The principles behind self-assessment are the same as those behind peer-assessment. The best self- and peer-assessment will involve pupils giving feedback that focuses on learning (and not, for example, presentation or the choice of colours), which is clearly explained (Why is it good? How can it be improved?) and which links closely to the success criteria.

Here are five approaches to self-assessment:

- Give pupils a target-tracker sheet that they stick in the front of their books and where they record the targets that the teacher, their peers or they themselves set. Every time they do a self-assessment they refer to this sheet and judge whether or not they have met their present target.

- The teacher gives pupils a pro forma that they use to structure their self-assessment. For example, this might contain a number of skills required during the lesson, with pupils then going through the list and judging how they performed in relation to each one.

- Ask pupils to come up with three stars and a wish, ie, three good things about their work and one they could do better next time.

- At the beginning of the lesson, or piece of work, pupils select one thing they want to focus on. Their self-assessment then centres on this item.

- Pupils are given a mark-scheme and invited to go through their work methodically before identifying three strengths and one target. Each should be tied to something in the mark-scheme.

Formative feedback - techniques

Formative feedback tells pupils:

- What they have done well and why;

- What they need to do to improve; and

- How they can make this improvement.

It does not include a grade, level or mark. Giving one of these will detract from the written (or verbal) feedback. It will cause pupils to pay less attention to the rich information provided to them by their teacher about their learning.

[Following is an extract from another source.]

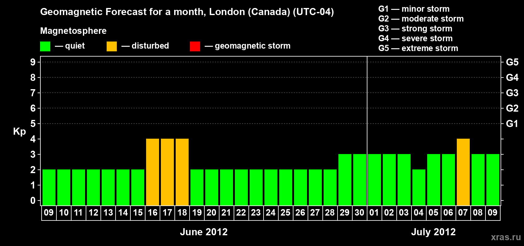 Geomagnetic storm forecast in London (Canada) for Jun 09, 2012

Give grades, levels or marks at certain, pre-defined points in the year (three is enough). The rest of the time, only give formative feedback.

Make sure the ratio of positive to developmental comments is at least 3:1, always. Never give more than one developmental comment at a time. If you do, you will be asking your pupils to pull on both ends of a rope at once.

The key to ensuring that children make progress from formative feedback is providing them with opportunities to meet the targets for improvement you set them. Here are five ways to do this:

- When pupils do their next piece of work, ask them to write their target at the top of the page. When they have finished their work, ask them to write a paragraph explaining where and how they have met their target.

- Record pupils’ targets at the front of their books. Ask them to refer to these at the beginning of each lesson.

- When you return work that has been formatively marked, set aside a period of time during which pupils can redo a part or all of that work to take account of the target you have set.

- As a starter, ask pupils to look through their books and identify where they have met their present target. They should then write down where the teacher needs to look to find the evidence.

- When pupils do peer- and self-assessments, ask them to use their present targets as the success criteria. Doing this consistently will result in pupils focusing their attention on these, whatever work they are doing.